Apart from pictures, transcribe exactly each line from the one containing "(57.14%) 和标准杆上果岭率 (44.44%)" through the final line of the listing below.

-- Information supplied follows --

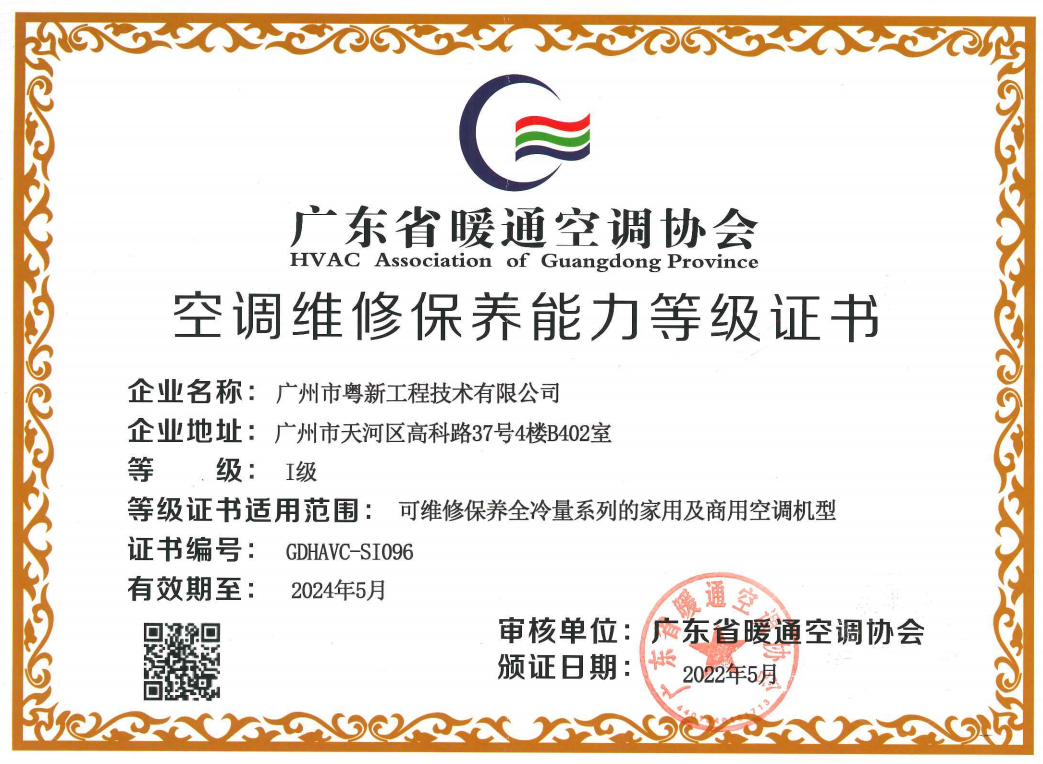 廣州粵新公司通過廣東省暖通空調協會維保資質評審
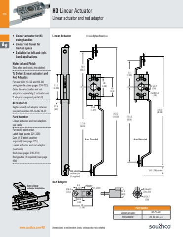 226Ø 6.4(.251)8.8(.35) AdapterSet screw10.8(.43)35(1.38)17.5 (.69)Ø 8.6±0.2(.34±.01)Ø 14.7(.58)51.7(2.04)17.4(.69)29.8(1.17)38(1.50)40(1.5)263.2(10.36)2 x 9.7(.38)225.5(8.88)2 x Ø 14.2(.56)Arms Extended Arms Retracted173.4(6.83)72.9(2.87)Rod adaptorretainer pin(2 supplied)154.5(6.08)54(2.13)18.9 (.74) strokePart NumberLinear actuator H3-51-40Rod adaptor A5-92-201-31www.southco.com/H3 Dimensions in millimeters (inch) unless otherwise statedHardware packCam & linear actuator installation 2 x M4x0.7x25,pan head No. 2 pozi driv, self tapping screws for gearbox installationM6x1x14cam screwLock plug endmounting bracketPivot end mounting bracketDummy cam used for no center point latching onlyM4x0.7x12, pan head, No.2 pozi drive, self tapping screw for lock plug bracket installWave washerH3 Linear ActuatorLinear actuator and rod adaptor• Linear actuator for H3 swinghandles • Linear rod travel forlimited space • Suitable for left and right hand applicationsMaterial and FinishZinc alloy and steel, zinc plated To Select Linear actuator and Rod Adaptor:For use with H3-50 and H3-60 swinghandles (see pages 224-225)Order linear actuator and rod adaptors separately (1 actuator and 2 adaptors required per latch)AccessoriesReplacement rod adaptor retainer pin part number: H3-0-44778-01Part Number Linear actuator and rod adaptors see tableFor multi-point order:Latch (see pages 224-225) Cam (if 3 point latching required) (see page 225) Linear actuator and rod adaptor (see table)Rods (see pages 230-233) Rod guides (if required) (see page 230) Linear Actuator Closed Position Open PositionRod Adaptor
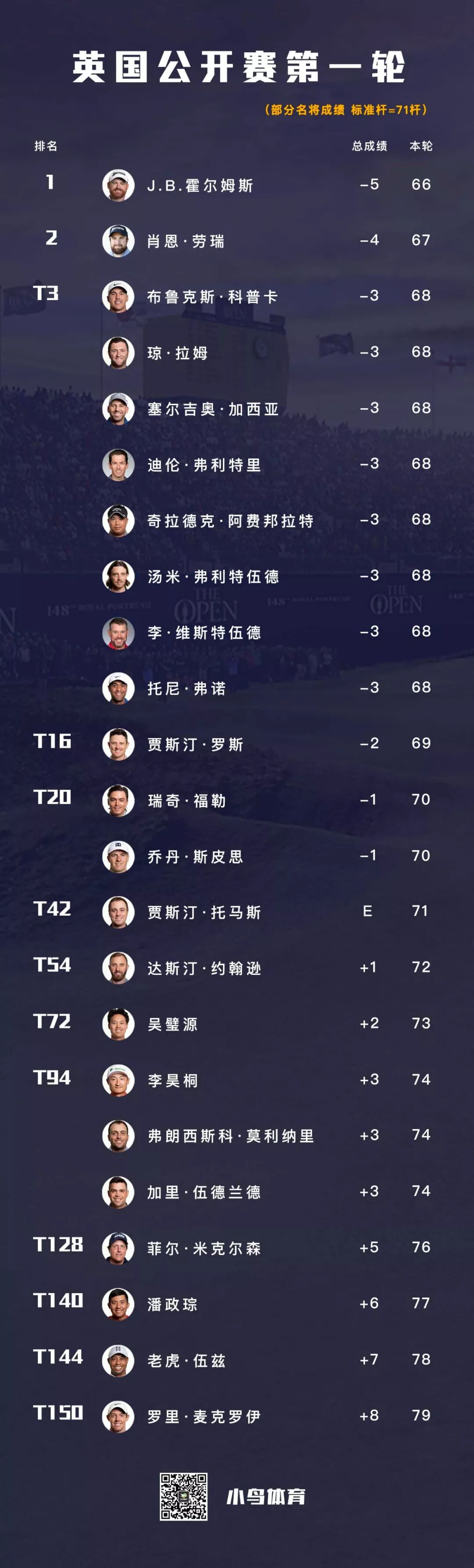 李昊桐全天抓下3只小鸟,却也吞下了6记柏忌,高于标准杆3杆的74杆,是他三次参加英国公开赛的最差开局。他的开球上球道率 (57.14%) 和标准杆上果岭率 (44.44%) 都不理想,唯有果岭上的27推,让中国一哥守住了并列第97位的排名。李昊桐说,他要在第二轮为冲上晋级线全力以赴。
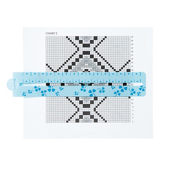 เลื่อนแผ่นคั่นลายลงบนลายและจับไว้ด้วยแม่เหล็กที่แนบมา, แผ่นคั่นจะเคลื่อนที่ได้ง่ายไปยังแถวถัดไปในขณะที่คุณทำงานตามลาย และสามารถใช้เป็นแผ่นคั่นหน้าสำหรับหนังสือหรือนิตยสาร

-- Information supplied concluded --

**Worked solution:**
 李昊桐全天抓下3只小鸟,却也吞下了6记柏忌,高于标准杆3杆的74杆,是他三次参加英国公开赛的最差开局。他的开球上球道率 (57.14%) 和标准杆上果岭率 (44.44%) 都不理想,唯有果岭上的27推,让中国一哥守住了并列第97位的排名。李昊桐说,他要在第二轮为冲上晋级线全力以赴。
 เลื่อนแผ่นคั่นลายลงบนลายและจับไว้ด้วยแม่เหล็กที่แนบมา, แผ่นคั่นจะเคลื่อนที่ได้ง่ายไปยังแถวถัดไปในขณะที่คุณทำงานตามลาย และสามารถใช้เป็นแผ่นคั่นหน้าสำหรับหนังสือหรือนิตยสาร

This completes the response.